Do you have friendships among your subordinate staff? What about with other coworkers?
Have you ever had an aide tell you she's refusing your direction to do this or that? Have you ever called your supervisor for back up? What happened?
How did you cope with it? Were you made to feel at fault somehow?
Are you in a long term setting or acute care with quick patient turnover?
Is your staff pretty stable or do you have a frequent load of new staff who don't really know the job yet?
Thanks for sharing.
Some of the aides were good and some were bad at my last job. The good ones actually did what they were suppose to do without having to be asked. The others, where do I begin? I was an aide for three years on my unit before I became an RN and the aides there were hired after me were just awful.
A patient came back from a x-ray during shift change and the aide helped put the patient back in bed but forgot to put on the bed alarm.
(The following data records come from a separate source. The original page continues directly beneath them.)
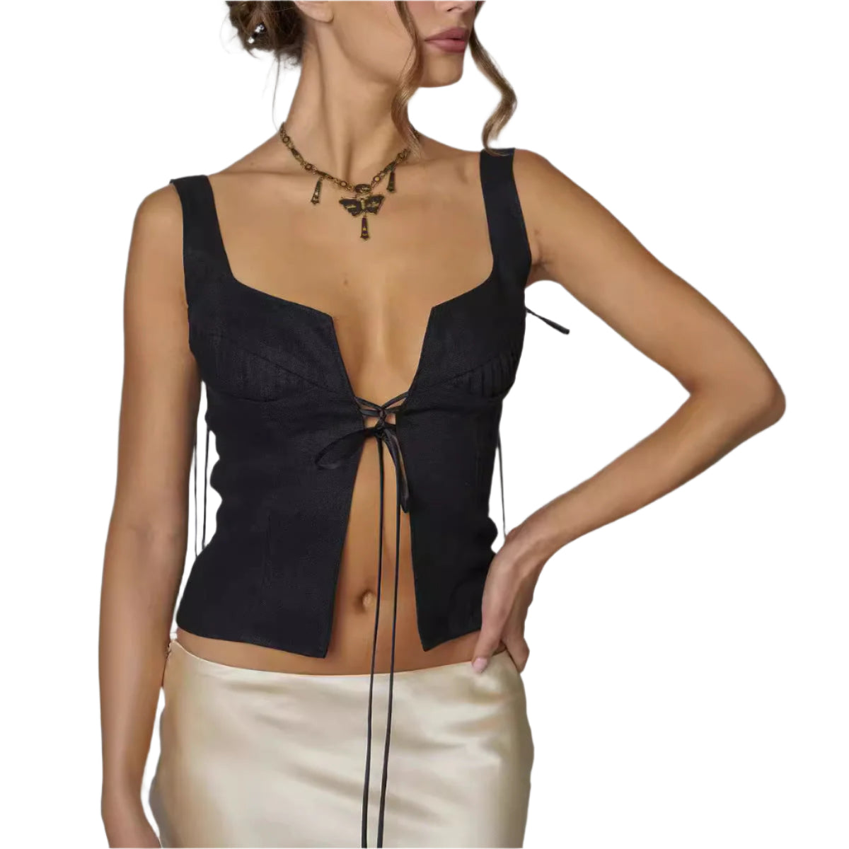 • Einzigartige Schnürung vorne: Verstellbare Schnürung, die die Taille betont.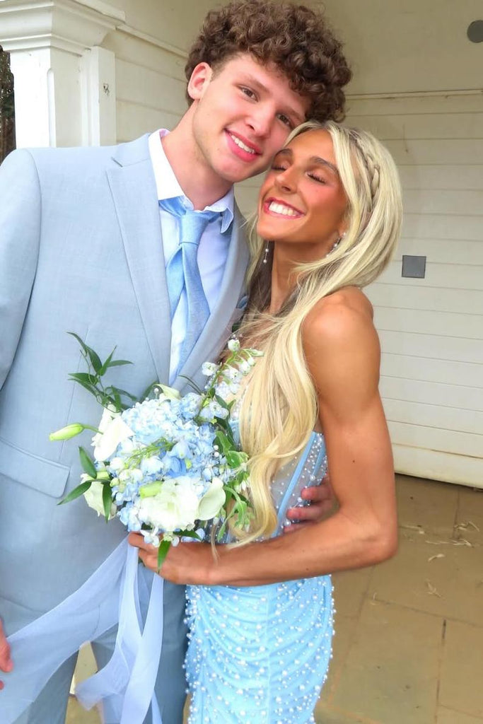 Blue Strapless Beaded Satin Tulle Mermaid Long Prom Dress, Slit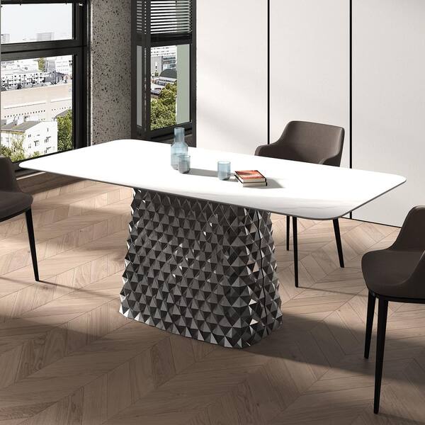 Modern Rectangle White Snow Mountain Stone Tabletop 55.12" Stainless Steel Ripple Mirror Pedestal Dining Table (4 Seats)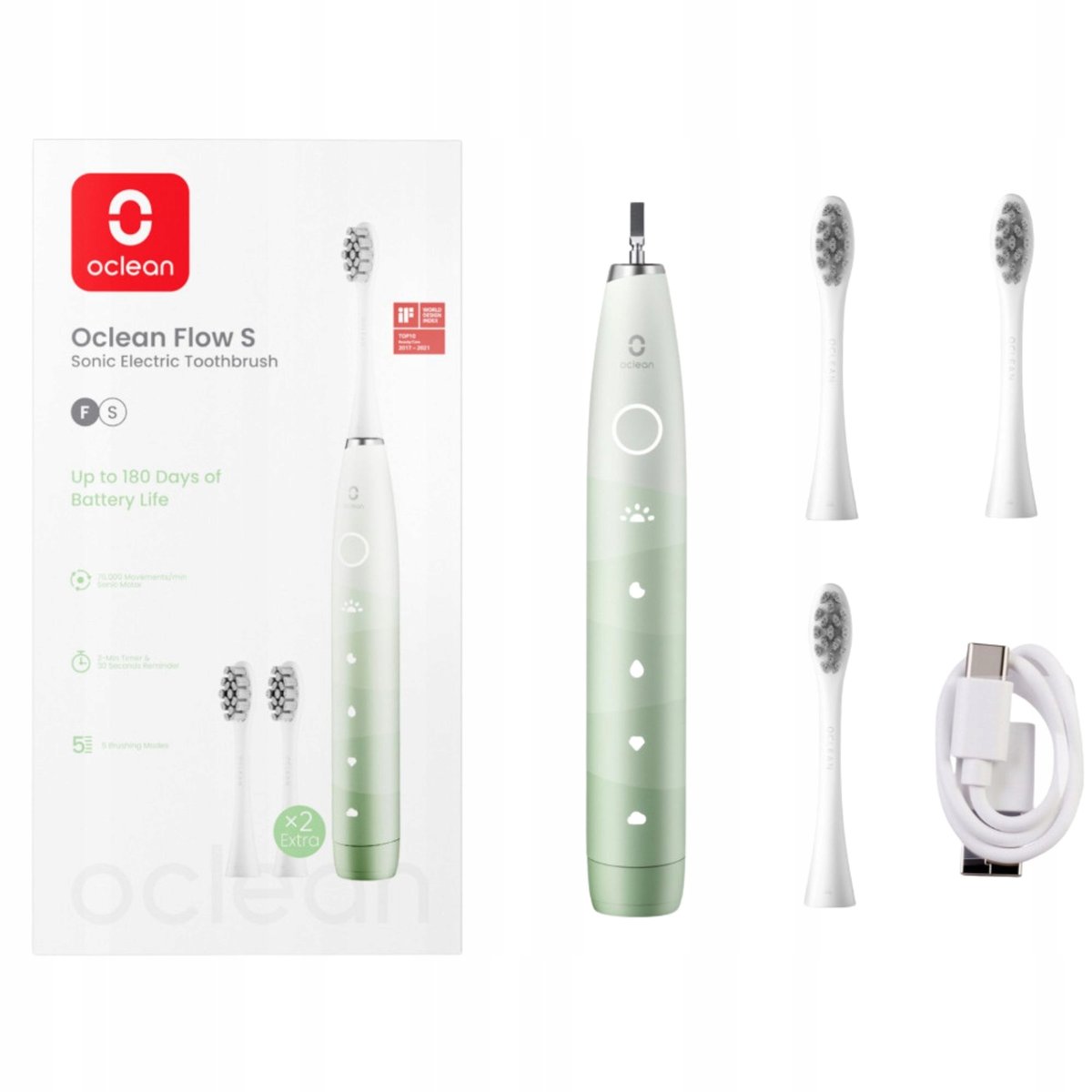 | Nazwa: | Szczoteczka soniczna do zębów OCLEAN Flow S 3 końcówki Zielona |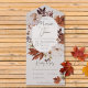 MIT ODER OHNE QR-CODE ZUM SCAN ODER MIT ODER OHNE AUSWAHLOPTIONEN ZUM ABENDESSEN. Dieses Design ist mit einem weichen, grau-beigefarbenen Herbstkranz in Bräune, Braun, Rost, lila und Creme gestaltet. Personalisierte All-In-One-Einladungen sind eine einzigartige Kombination aus einer schön gedruckten, maßgeschneiderten Einladung und einer leicht zu abreißenden perforierten UAWG-Postkarte. Und sie sind so einfach zu bedienen! Man falte einfach, dann Siegel die Rückklappe mit den drei beiliegenden Klarkleben, und Post. Und wenn Ihre Gäste Ihre persönliche Einladung erhalten, reißen sie einfach die perforierte RSVP Karte ab und lassen sie in der Mail an Sie zurück!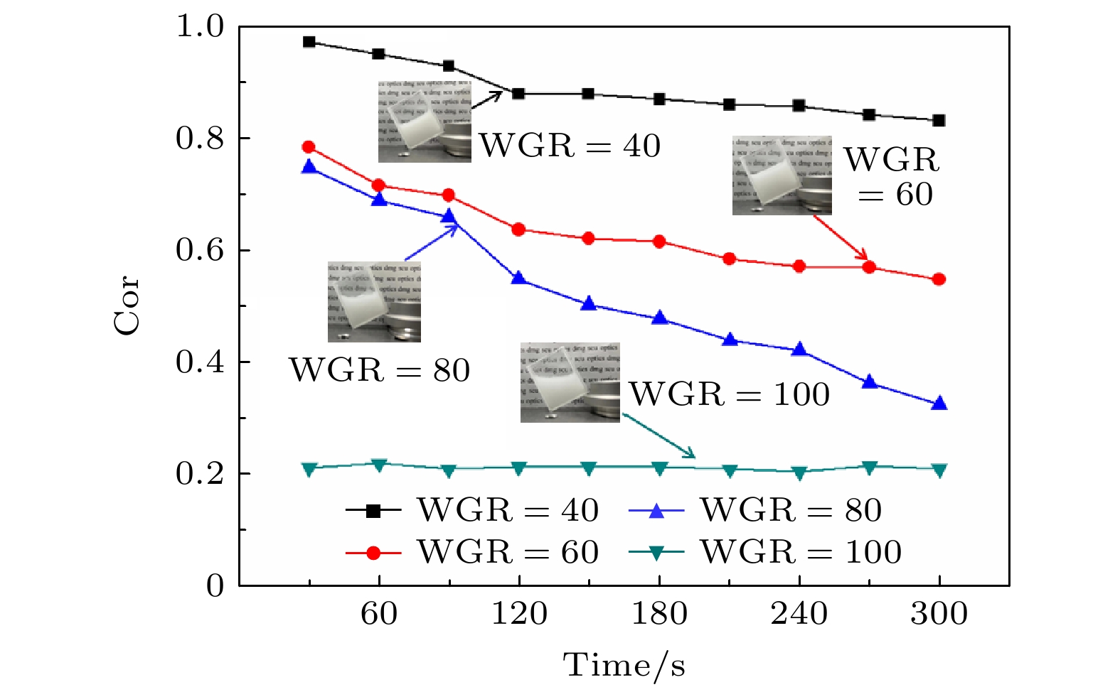 在本实验中, 使用的散射介质分别是WGR为40, 60, 80和100的胶体. 为了说明不同WGR散射介质的散射特性变化情况, 每隔30 s测一次散斑特性, 并计算其与初始散斑之间的皮尔逊相关系数(Cor), 表达式如下:
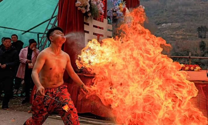 这是在陕南一个小村子的婚礼现场,画面定格了一位表演者在户外进行喷火表演的精彩瞬间。周围的观众全神贯注地注视着,表演者赤裸上身,身着花色长裤,手持道具,口中喷出熊熊火焰。这一瞬间不仅展现了表演者的精湛技艺,也传递出活动现场热烈的氛围。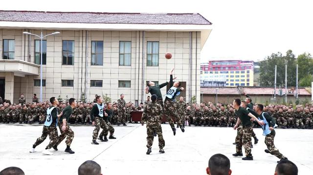 随着清脆的哨声吹响,篮球比赛正式拉开帷幕,全体参赛队员斗志昂扬、激情四射,场下观众敲锣打鼓、呐喊助威,裁判公正执裁,全体官兵沉浸在一片欢腾的海洋中。
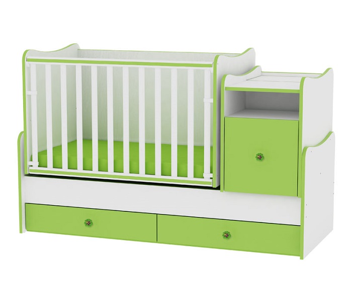 - Sastoji se iz tri dela koji čine jednu celinu (kolevka, krevetac za odraslo dete i ormarić)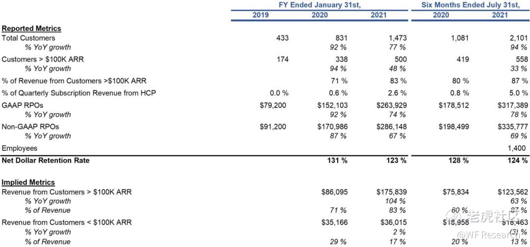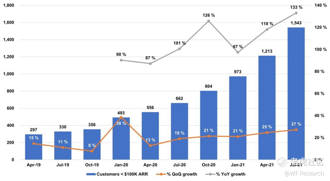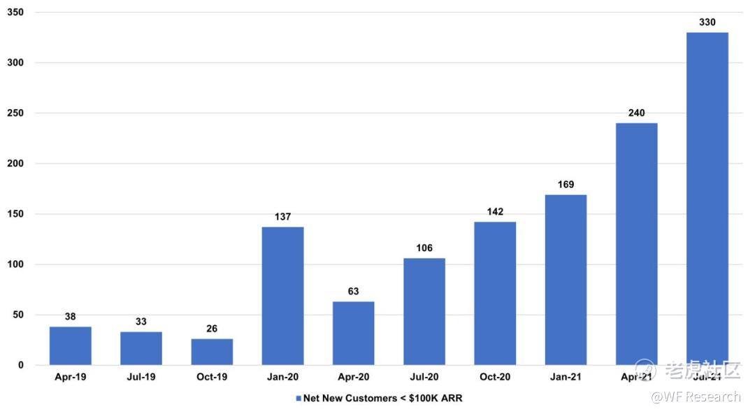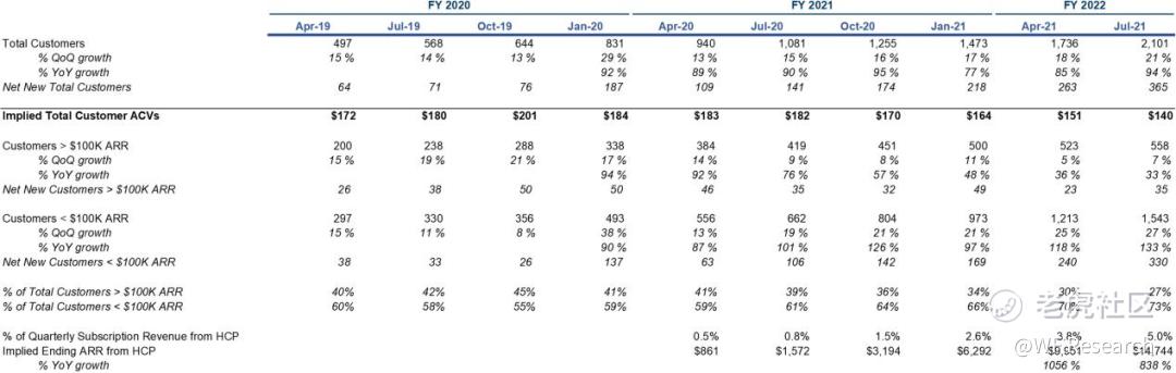 ARR 小于 10 万美元的新客户数同样增长迅速,这在一定程度上很有可能是受到 HCP 的影响。
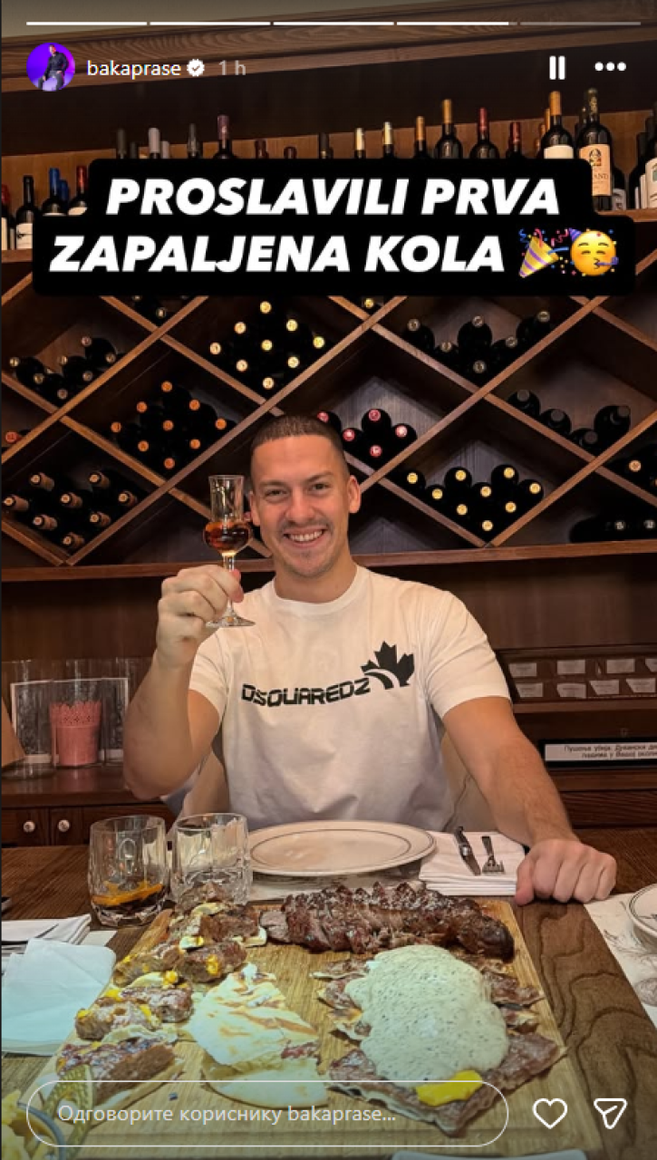 "Proslavili prva zapaljena kola", napisao je Baka Prase, dok je u kameru nazdravljao uz osmeh, ne pokazujući ni trunku žaljenja.
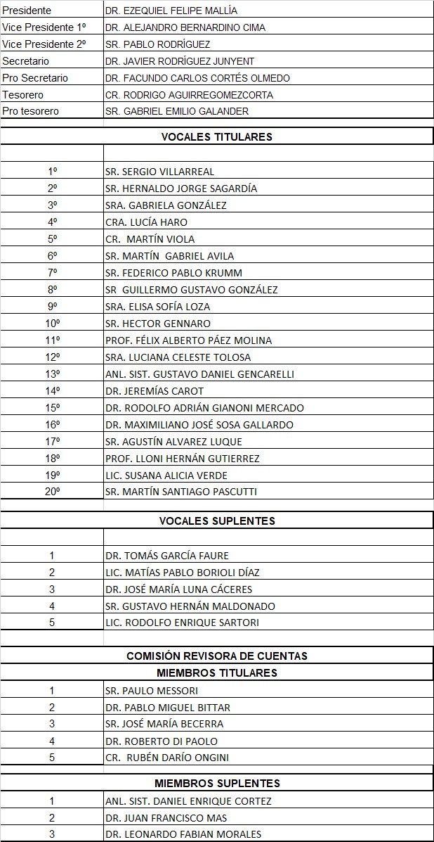 Con fecha el 25 de abril del corriente año se realizó el sorteo de prelación establecido estatutariamente, proclamando esta Junta Electoral como autoridades del JOCKEY CLUB CORDOBA por el período 2022-2025 las siguientes: Hacer Comentario Cancelar RespuestaHaz login para poder hacer un comentario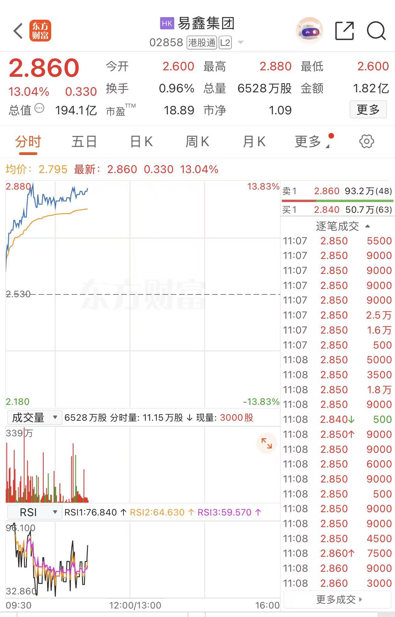 上证报中国证券网讯(记者唐燕飞)今日早盘,易鑫集团股价高开后一路上涨,盘中一度涨近14%。截至11时08分,易鑫集团涨13.04%,报2.86港元/股,成交额约为1.82亿港元,总市值为194.1亿港元。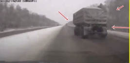 Kraviniekam atkabinās piekabe un sekojošais automobilis tikai ar grūtībām izvairās no sadursmes. Savukārt kravinieka vadītājs "astes" pazušanu nemaz nemana.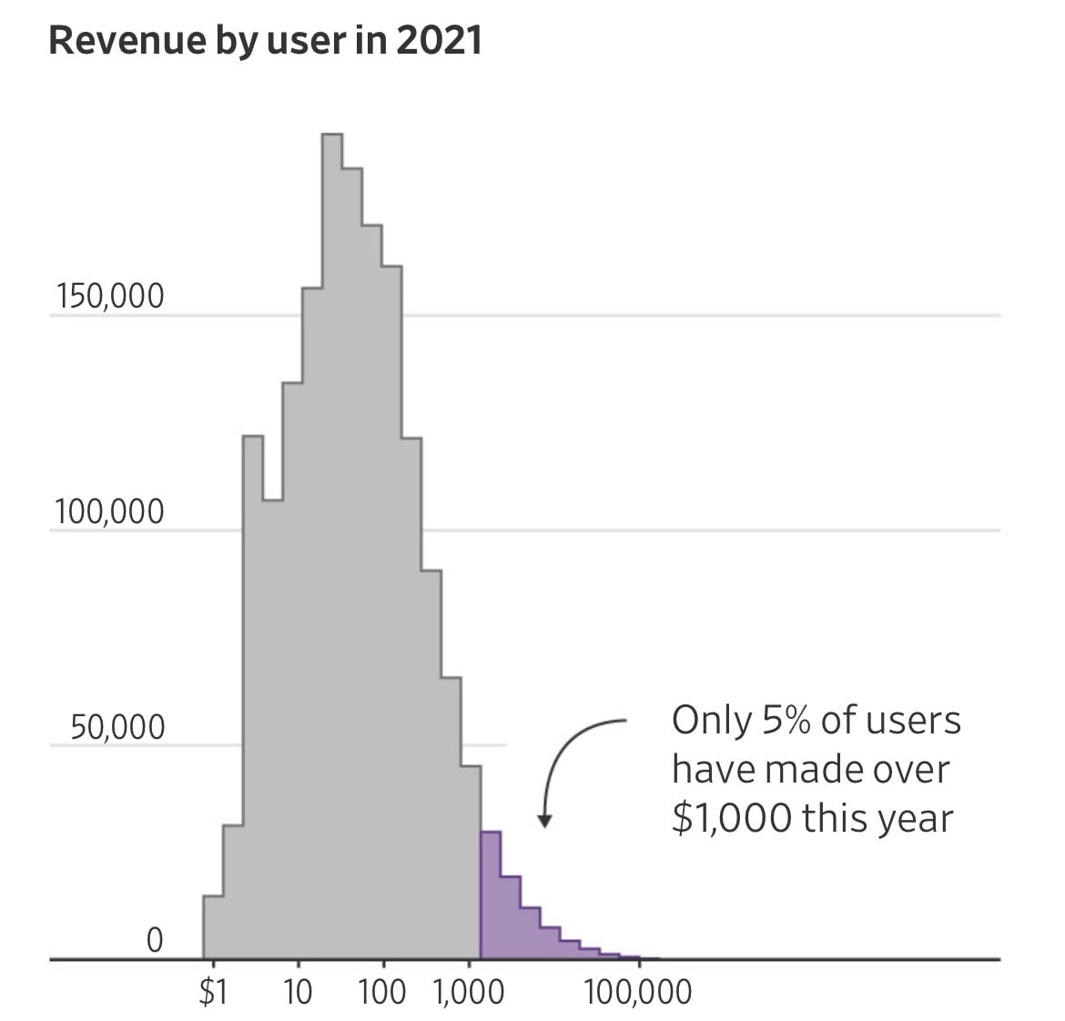 Несмотря на то, что общая сумма выплат от Twitch выросла до $889 миллионов в этом году с $517 млн за аналогичный период в 2020, больше половины всех выплат от Twitch приходится на 1% всех стримеров, получавших заработок на платформе, и лишь 5% стримеров заработали больше $1000 в этом году (если верить данным недавнего слива).

This was the kind of patient that would be forgetful at times and get up out of bed. Needless to say, the patient got up and fell, then the aide proceeded to yell at the front desk how it's the nurses fault and its not even her patient. blah blah blah. The nurse wasn't even aware that the patient was back from xray until she was told that her patient fell on the floor. Management lets that particular aide get away with everything.
Our techs, UC's, and tele techs control our floor. Nurses complaints fall on deaf ears. It's really discouraging, because in the end the patient really suffers. I am tired of busting my butt while others are chatting it up at the nurses station or are on personal phone calls and have the nerve to get mad at you when you ask them to do something.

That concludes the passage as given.